PROBLEM: Without the images, write out the whole listing exactly.

DATASET SECTION:
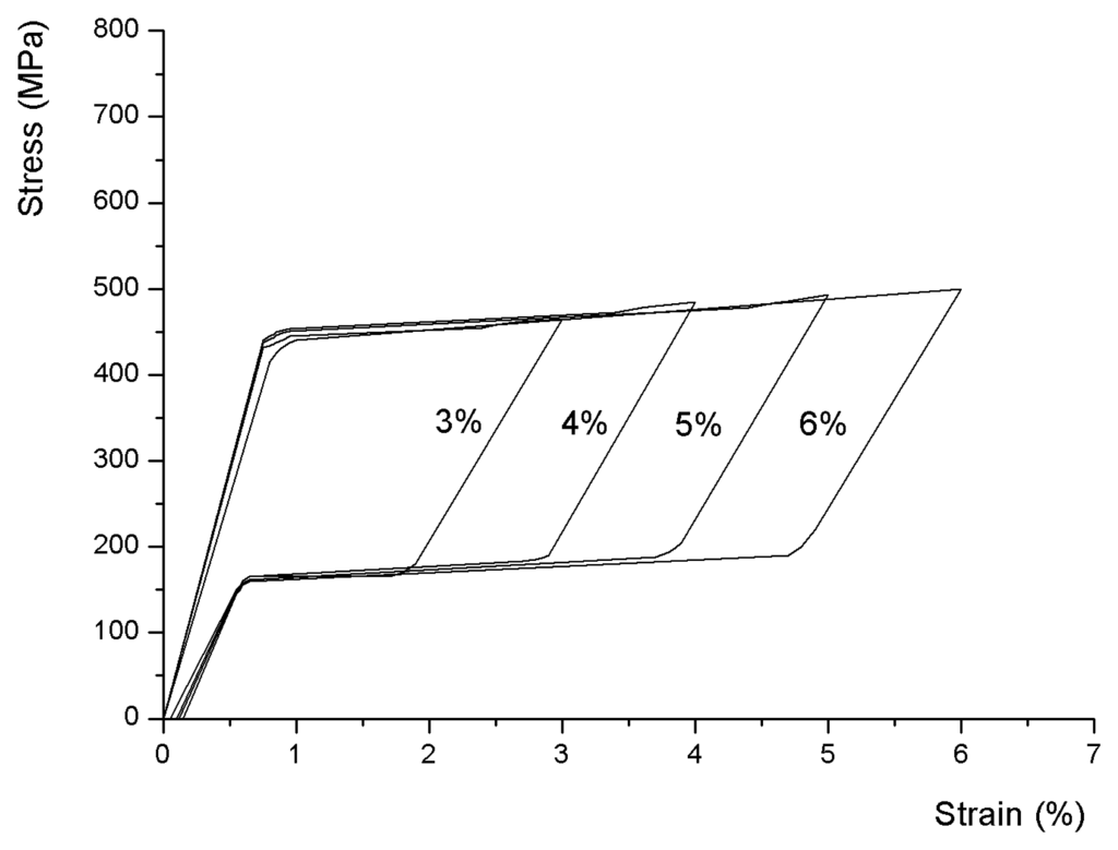 - Yawny, A.; Sade, M.; Eggeler, G. Pseudoelastic cycling of ultra-fine-grained NiTi shape-memory wires. Z. Metallkd. 2005, 96(6), 608–618. [Google Scholar]
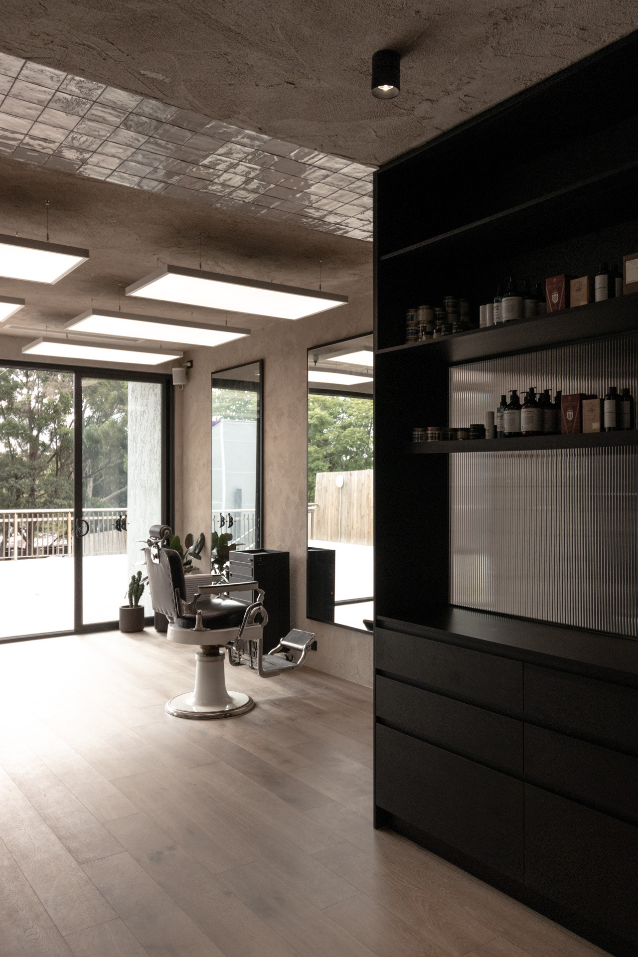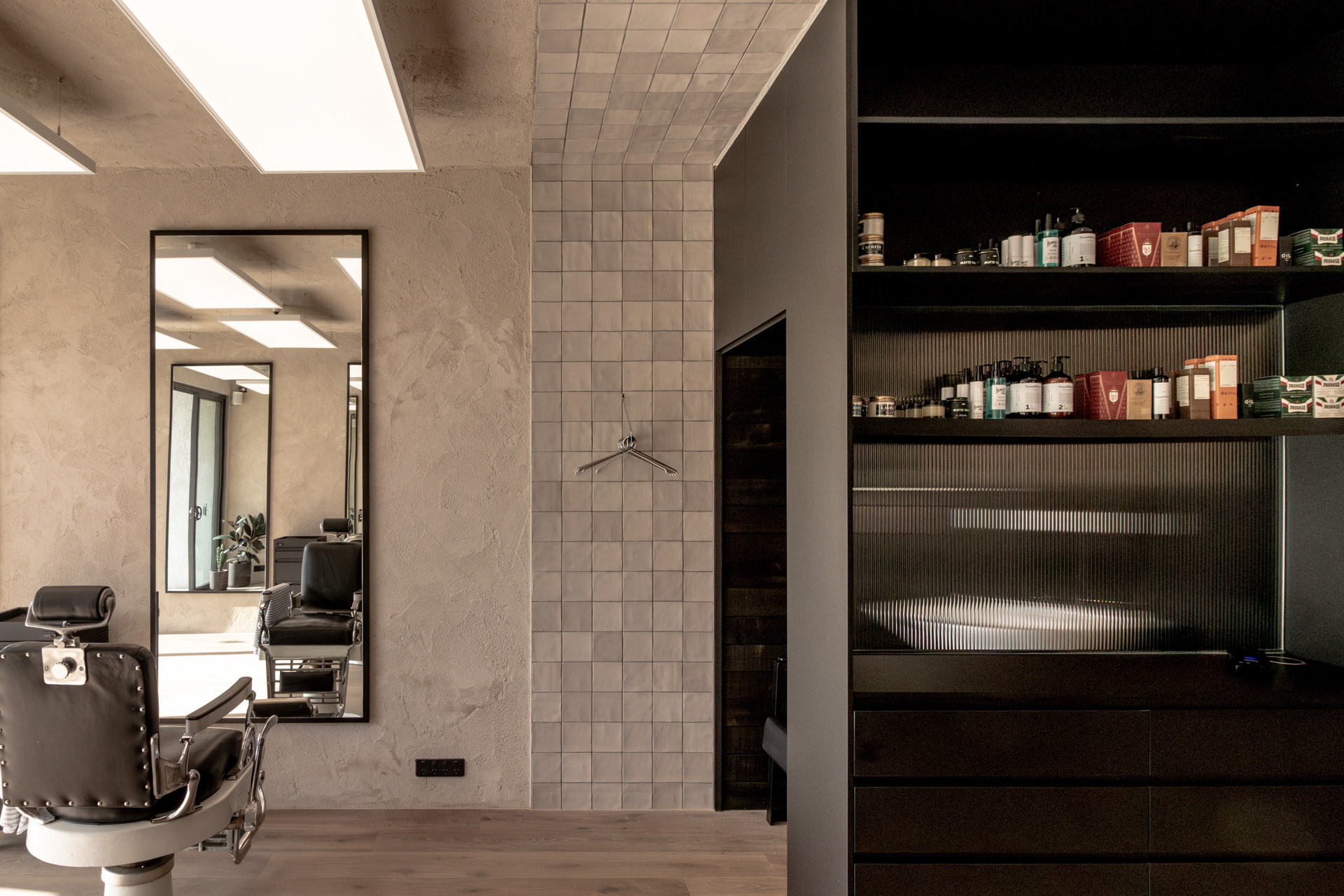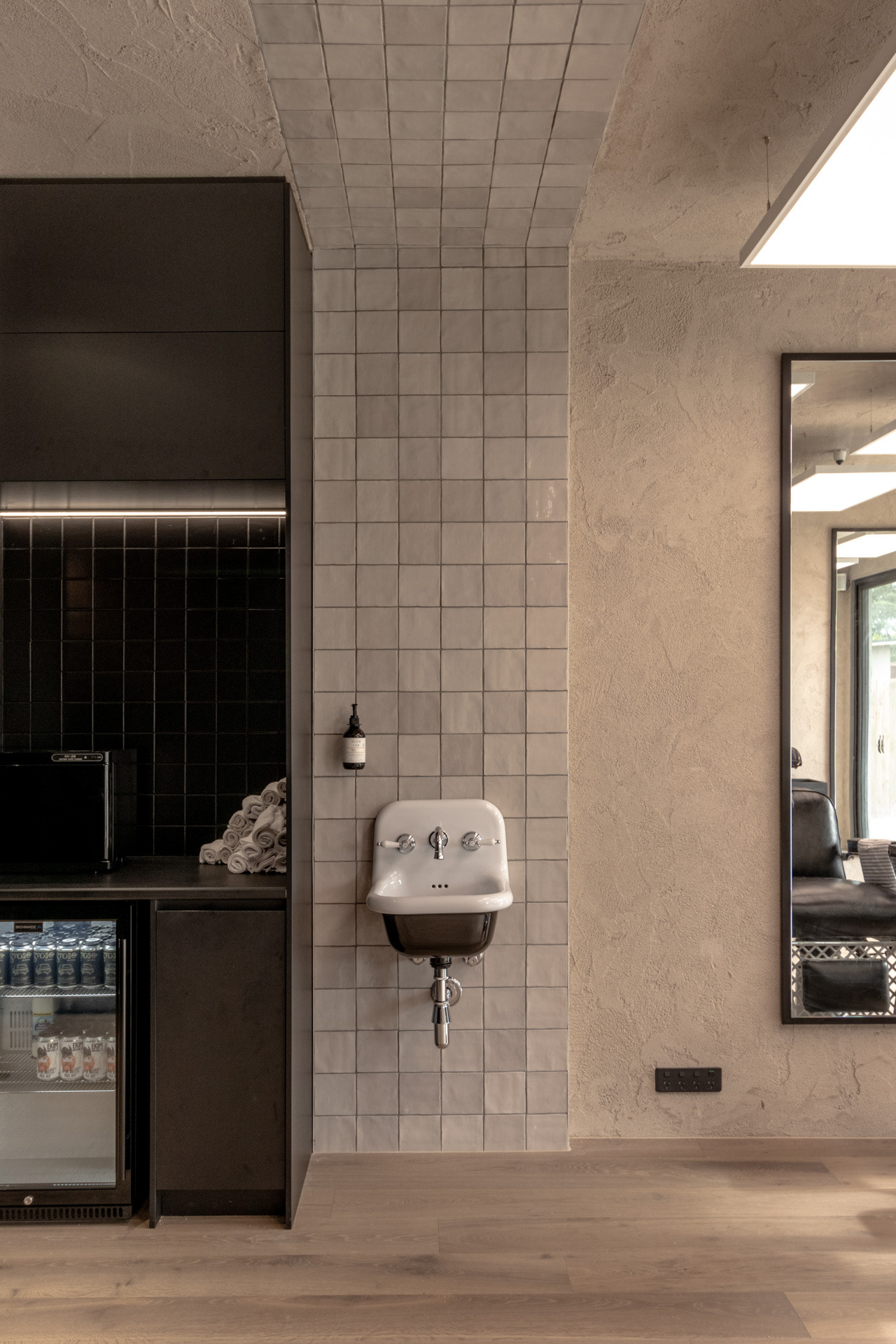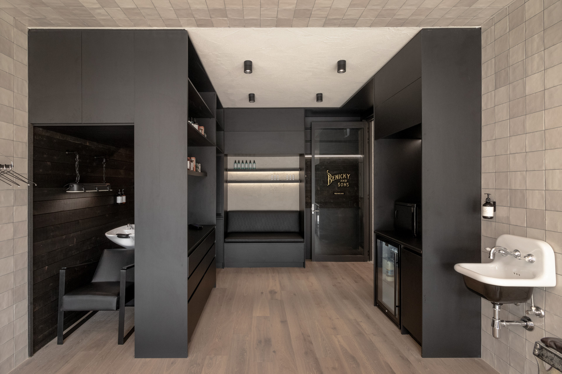 This project was undertaken in 2024 for Benicky & Sons' third Sydney location. The barbershop’s interior fitout design was an evolution of the identity and aesthetic developed for the brand’s first two locations, designed in 2016 and 2020. This venue pays homage to the traditional barbershop aesthetic adopted for the first Mosman location, however shifts towards a more contemporary approach to suit its locality. The fitout is elevated through unique material finishes, featuring lime plaster stucco walls & ceilings, black stained Cedar wall panelling, a ceramic tile ceiling feature and heritage barber chairs and fittings.
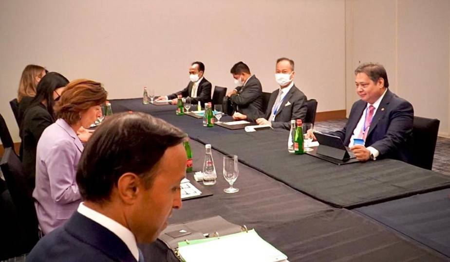Pada pertemuan tersebut Menko Airlangga menyampaikan bahwa Indonesia telah mendorong reformasi struktural melalui omnibus law UU Cipta Kerja, posisi strategis Indonesia selaku Presidensi G20 dan Ketua ASEAN pada 2023, juga perlunya dukungan AS terkait dengan masalah pangan terutama impor kedelai (soya bean) dari AS yang cukup besar.
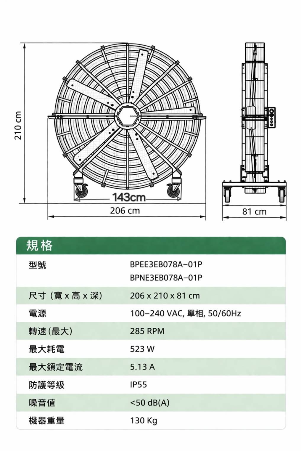 SUNON立扇,是一款高機動性且風力強大的定向風扇,2M高的大型立扇僅需單人操作即可輕鬆移動到任何需要空氣對流與降溫的地方。

EXERCISE RESULT:
 - Yawny, A.; Sade, M.; Eggeler, G. Pseudoelastic cycling of ultra-fine-grained NiTi shape-memory wires. Z. Metallkd. 2005, 96(6), 608–618. [Google Scholar]
 This project was undertaken in 2024 for Benicky & Sons' third Sydney location. The barbershop’s interior fitout design was an evolution of the identity and aesthetic developed for the brand’s first two locations, designed in 2016 and 2020. This venue pays homage to the traditional barbershop aesthetic adopted for the first Mosman location, however shifts towards a more contemporary approach to suit its locality. The fitout is elevated through unique material finishes, featuring lime plaster stucco walls & ceilings, black stained Cedar wall panelling, a ceramic tile ceiling feature and heritage barber chairs and fittings.
Pada pertemuan tersebut Menko Airlangga menyampaikan bahwa Indonesia telah mendorong reformasi struktural melalui omnibus law UU Cipta Kerja, posisi strategis Indonesia selaku Presidensi G20 dan Ketua ASEAN pada 2023, juga perlunya dukungan AS terkait dengan masalah pangan terutama impor kedelai (soya bean) dari AS yang cukup besar.
 SUNON立扇,是一款高機動性且風力強大的定向風扇,2M高的大型立扇僅需單人操作即可輕鬆移動到任何需要空氣對流與降溫的地方。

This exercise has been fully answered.